GOAL OF THE EXERCISE –
Leave every picture out and return the rest of the listing verbatim.

DATA BELOW –
+===+

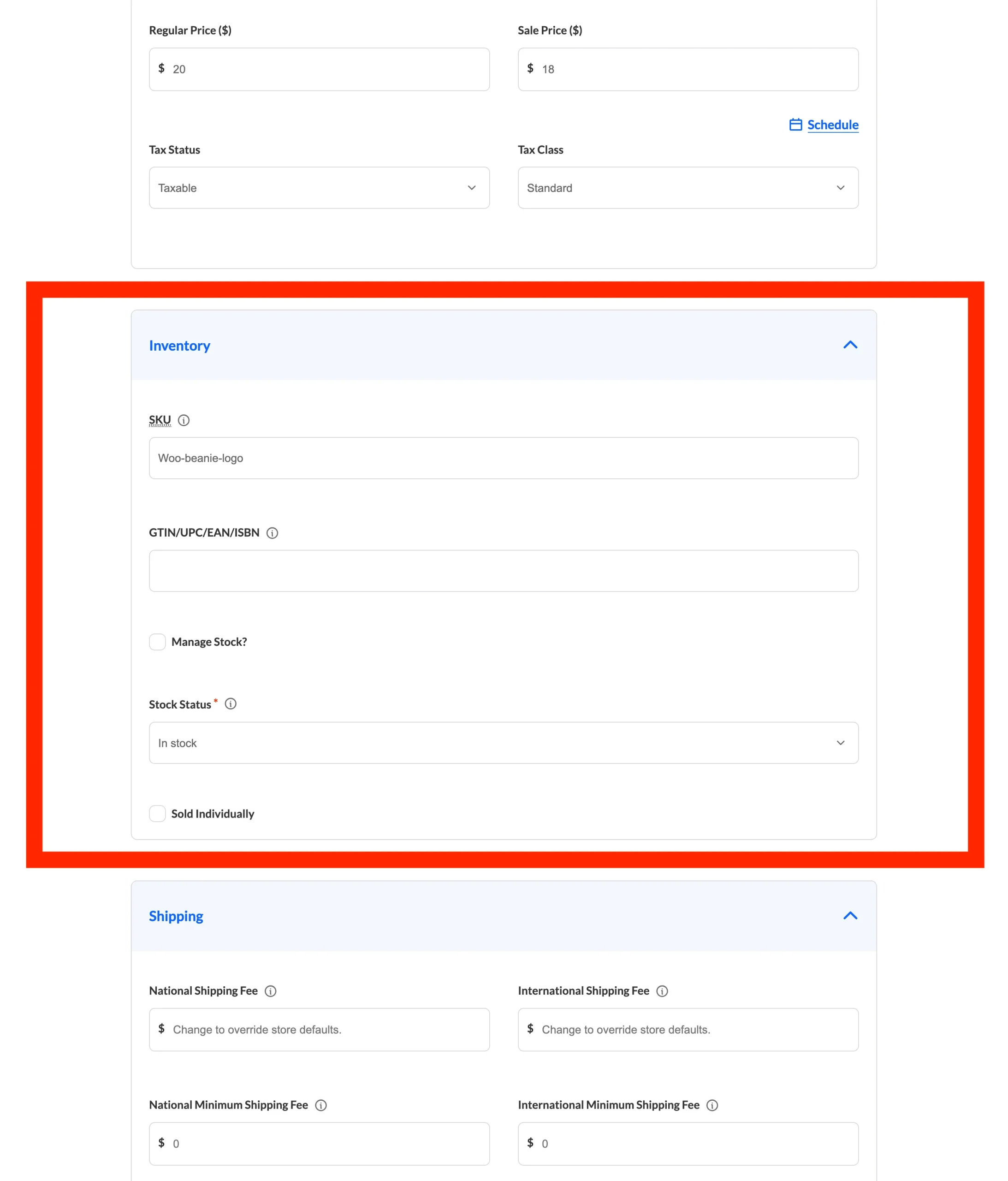 Inventory fields can be set to hide or require. This will determine which fields the vendors can use.
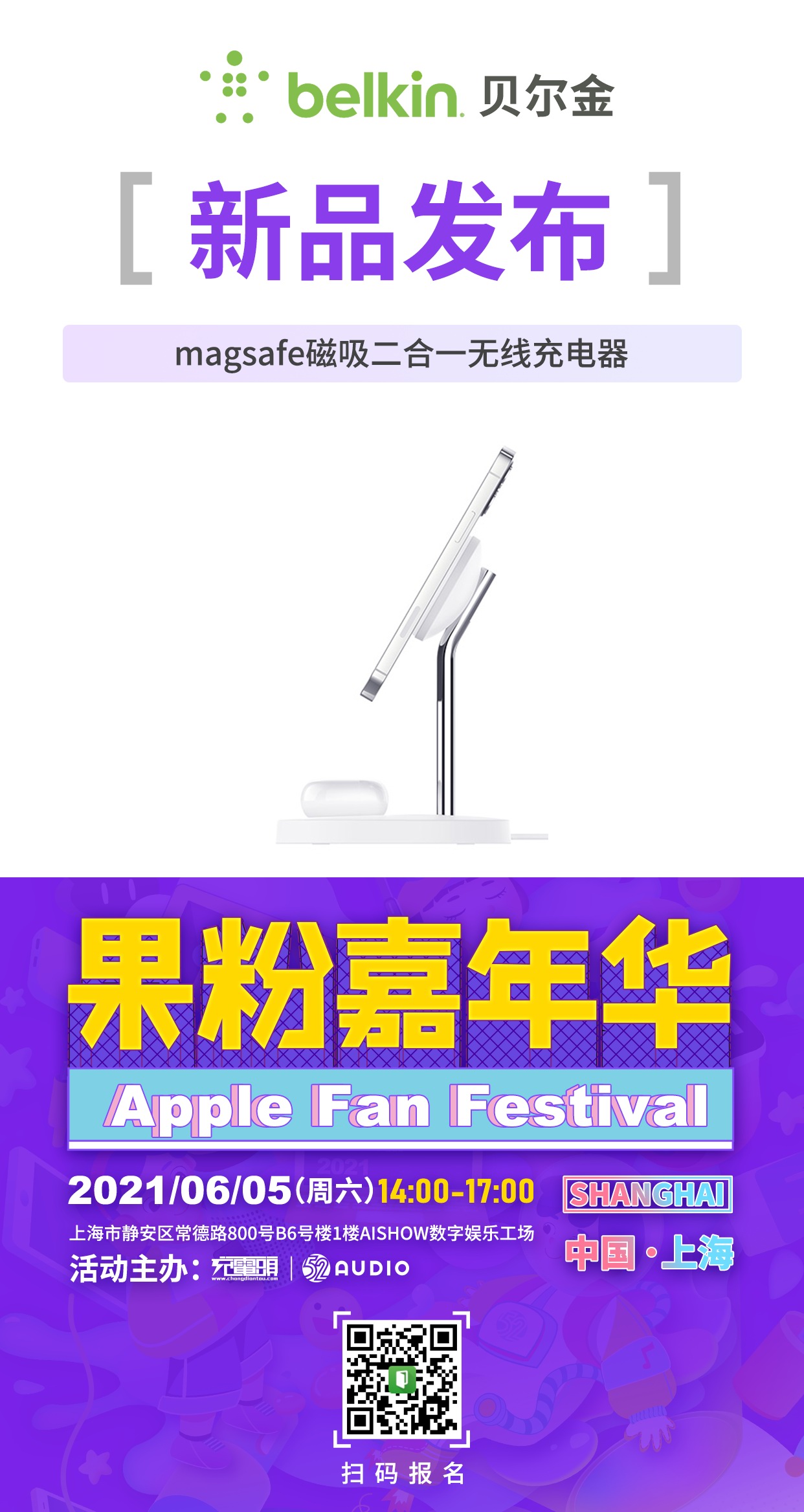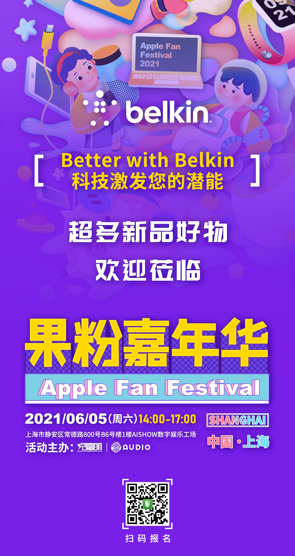 2021果粉嘉年华上海站将在6月5日于中国-上海举办老朋友一个不少,新朋友纷至沓来!感兴趣的小伙伴可以通过图片中的二维码,直接扫码报名参与,6月5日在上海等你!
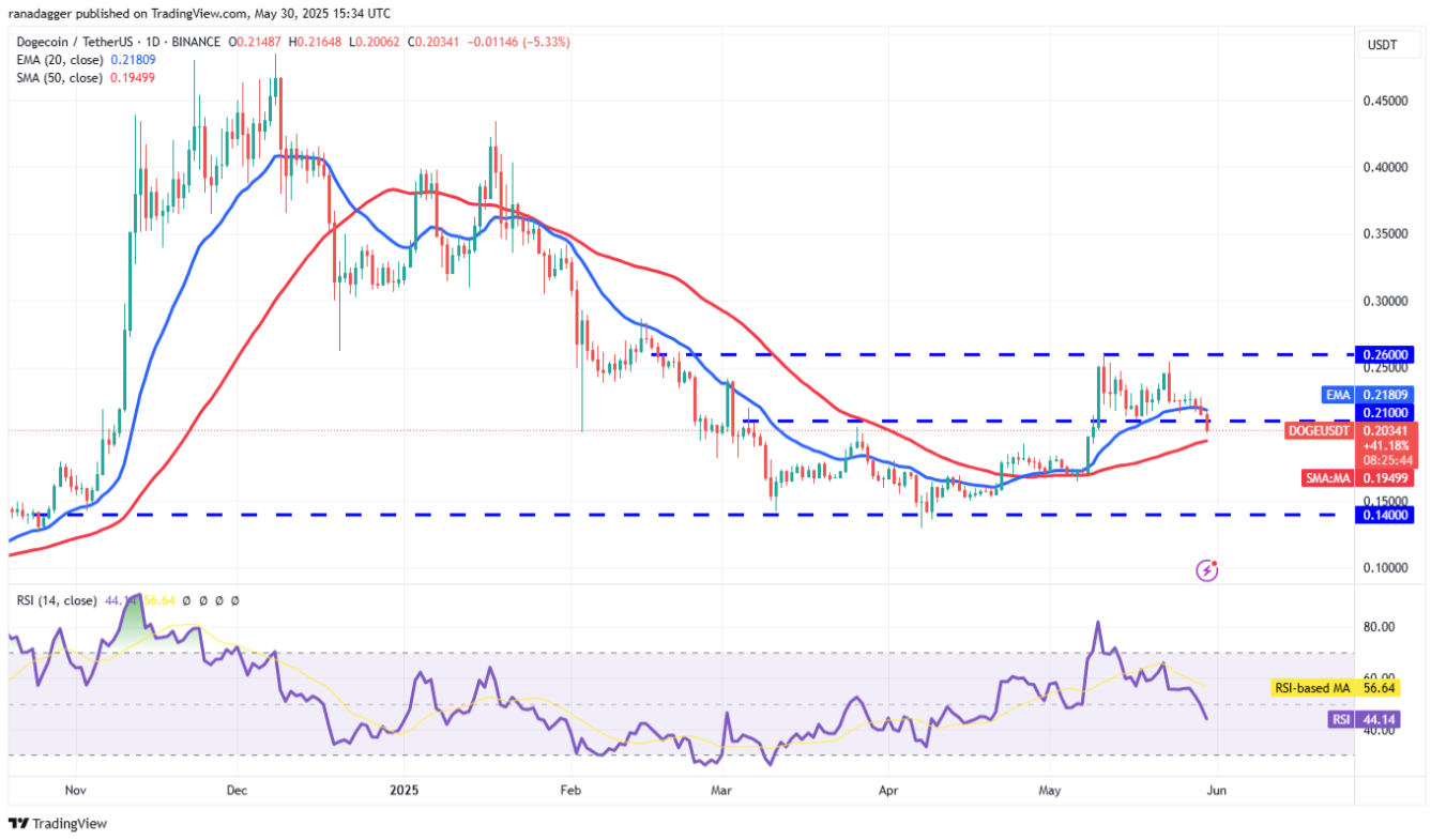 Dogecoin (DOGE) đã giảm mạnh xuống dưới mức hỗ trợ $0,21 vào ngày 30/5, đưa vùng dao động lớn từ $0,26 đến $0,14 trở lại cuộc chơi.

+===+

REPLY TO THE TASK –
 Inventory fields can be set to hide or require. This will determine which fields the vendors can use.
 2021果粉嘉年华上海站将在6月5日于中国-上海举办老朋友一个不少,新朋友纷至沓来!感兴趣的小伙伴可以通过图片中的二维码,直接扫码报名参与,6月5日在上海等你!
 Dogecoin (DOGE) đã giảm mạnh xuống dưới mức hỗ trợ $0,21 vào ngày 30/5, đưa vùng dao động lớn từ $0,26 đến $0,14 trở lại cuộc chơi.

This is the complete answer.